For the material below, the expected output is exactly the lines between the line holding "ミニで金白金鞘拡大の仕掛け金ミニ買い1枚-白金ミニ売り1枚を" and the line holding "I write anything", inclusive, with pictures left out.

■ Available data ■
*** Block opens ***
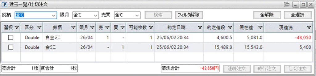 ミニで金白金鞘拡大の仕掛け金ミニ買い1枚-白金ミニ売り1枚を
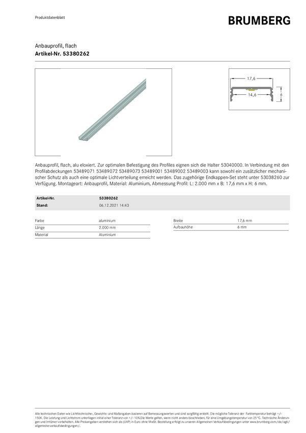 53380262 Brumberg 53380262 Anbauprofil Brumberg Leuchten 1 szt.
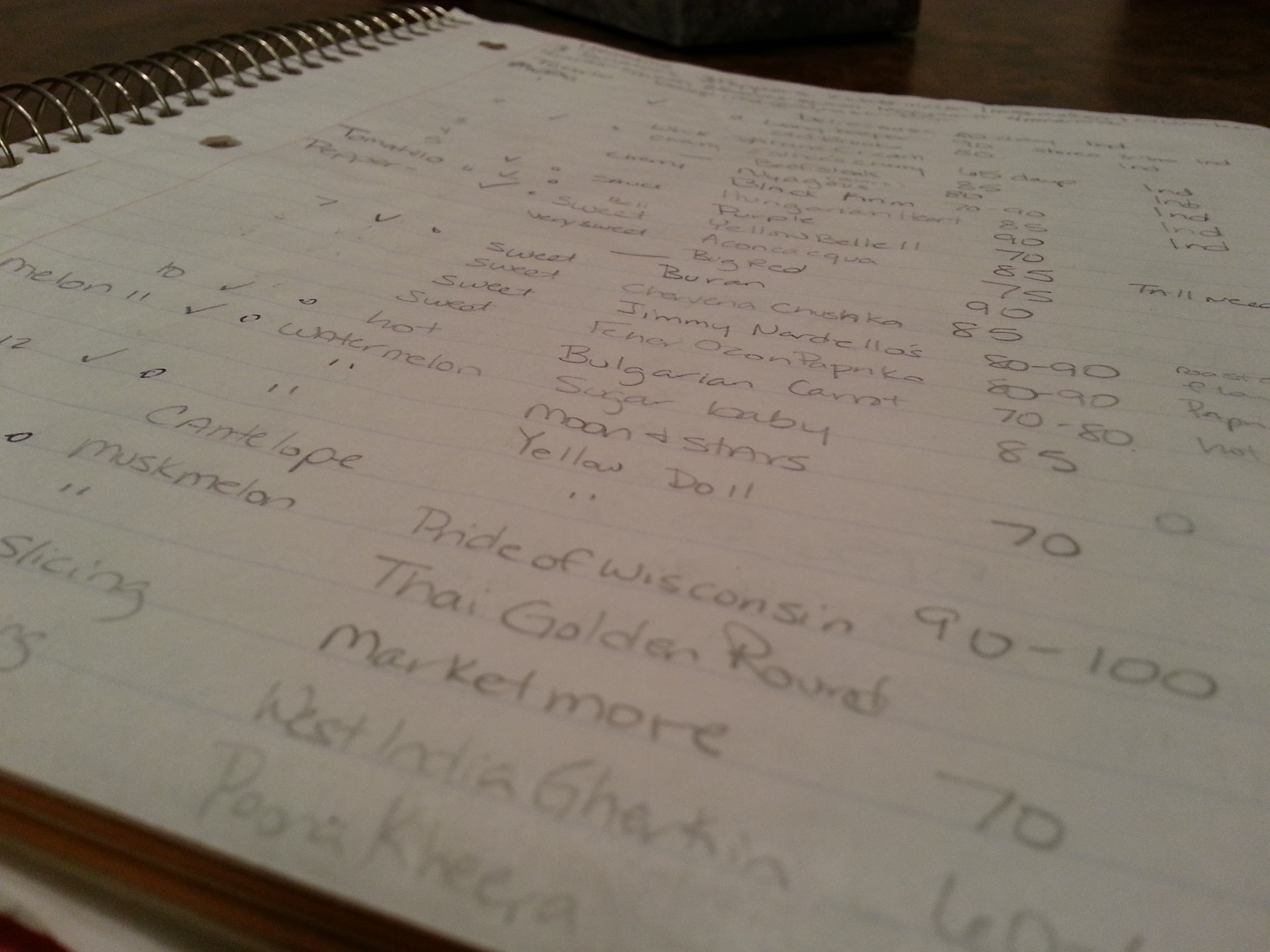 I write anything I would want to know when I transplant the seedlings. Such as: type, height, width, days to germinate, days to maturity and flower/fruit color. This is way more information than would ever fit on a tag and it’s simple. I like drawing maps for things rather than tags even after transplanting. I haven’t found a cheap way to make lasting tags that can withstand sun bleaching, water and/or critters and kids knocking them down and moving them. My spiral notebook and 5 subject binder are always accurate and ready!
*** Block closes ***
*** Block opens ***
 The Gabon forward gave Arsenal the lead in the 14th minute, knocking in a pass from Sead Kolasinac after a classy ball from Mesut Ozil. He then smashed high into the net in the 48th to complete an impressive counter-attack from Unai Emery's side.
*** Block closes ***
*** Block opens ***
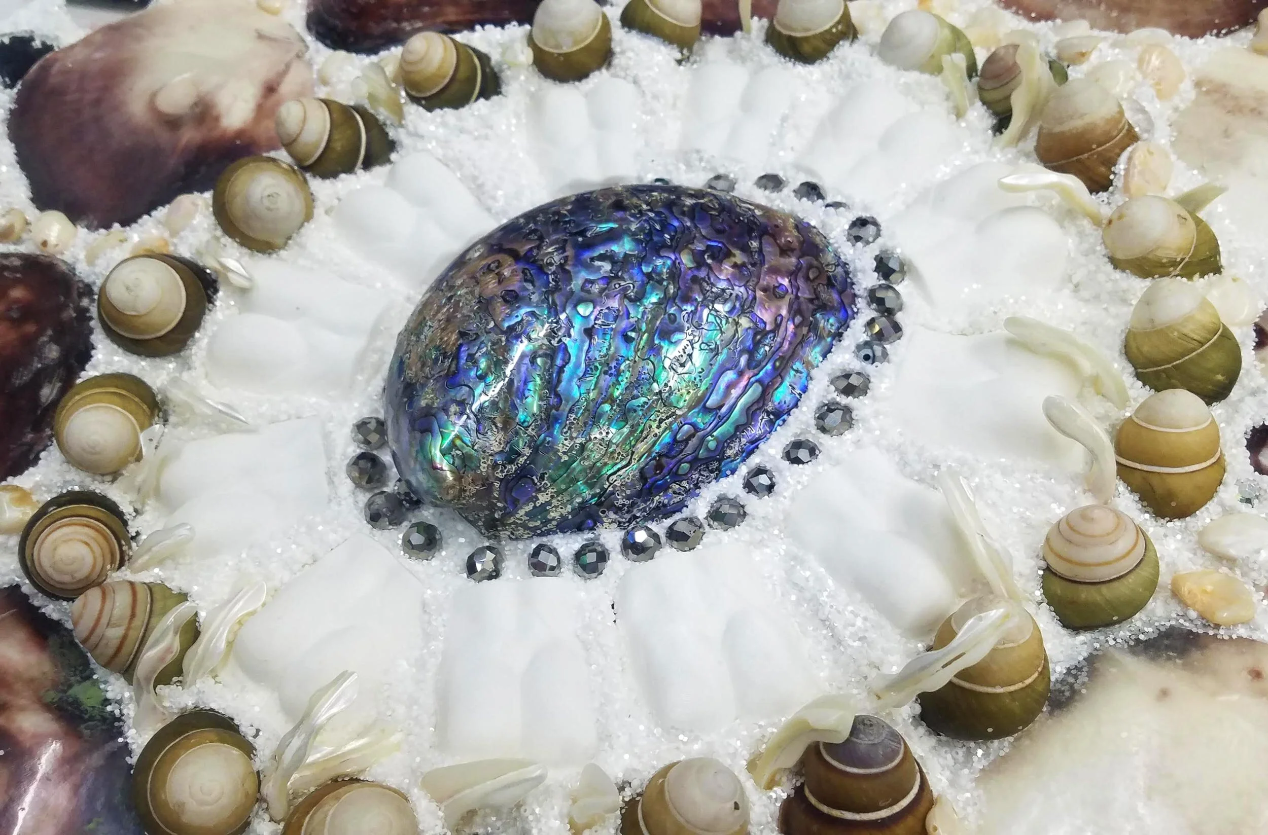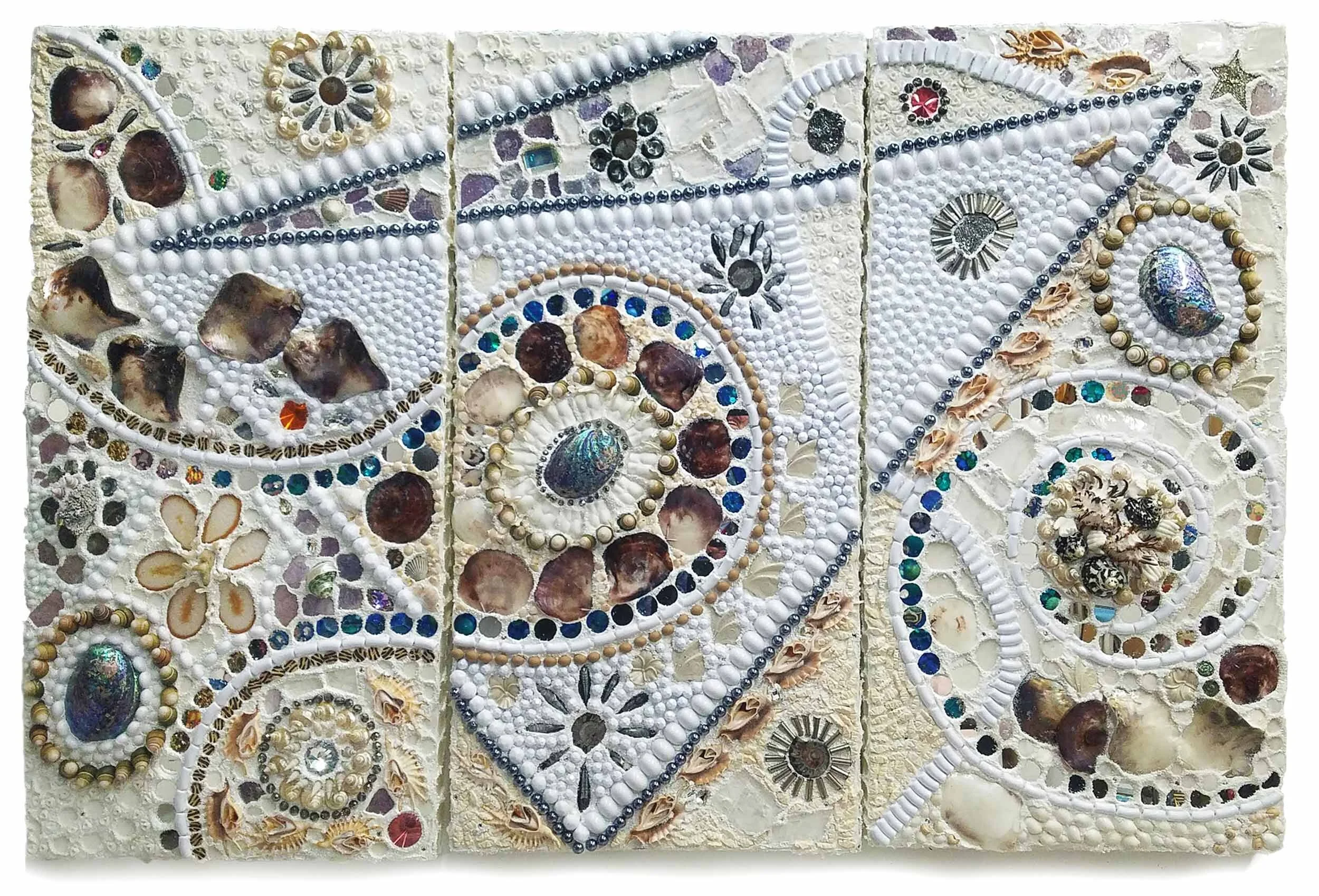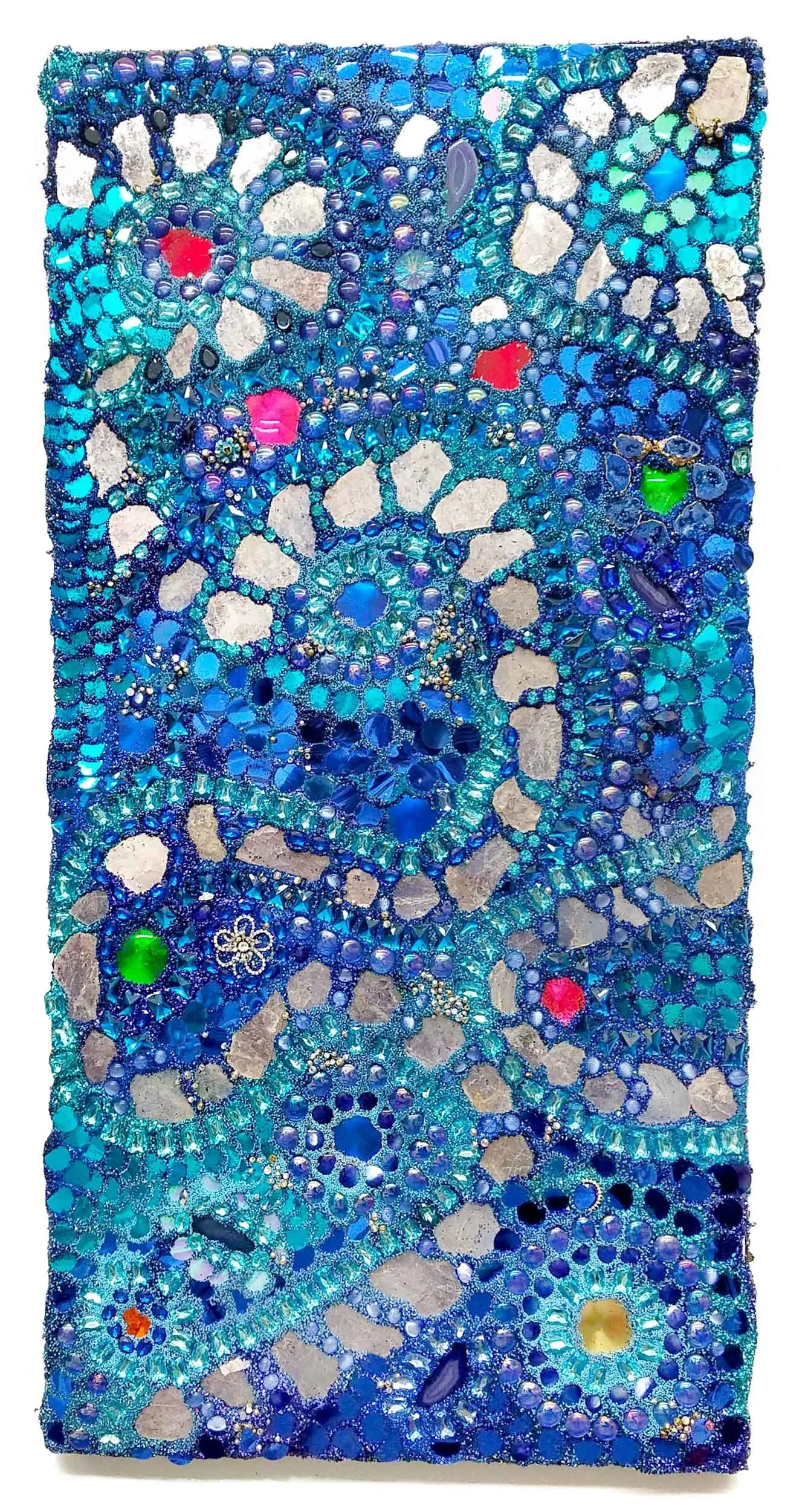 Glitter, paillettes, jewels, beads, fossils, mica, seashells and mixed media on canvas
*** Block closes ***
■ Written answer ■
 ミニで金白金鞘拡大の仕掛け金ミニ買い1枚-白金ミニ売り1枚を
 53380262 Brumberg 53380262 Anbauprofil Brumberg Leuchten 1 szt.
 I write anything I would want to know when I transplant the seedlings. Such as: type, height, width, days to germinate, days to maturity and flower/fruit color. This is way more information than would ever fit on a tag and it’s simple. I like drawing maps for things rather than tags even after transplanting. I haven’t found a cheap way to make lasting tags that can withstand sun bleaching, water and/or critters and kids knocking them down and moving them. My spiral notebook and 5 subject binder are always accurate and ready!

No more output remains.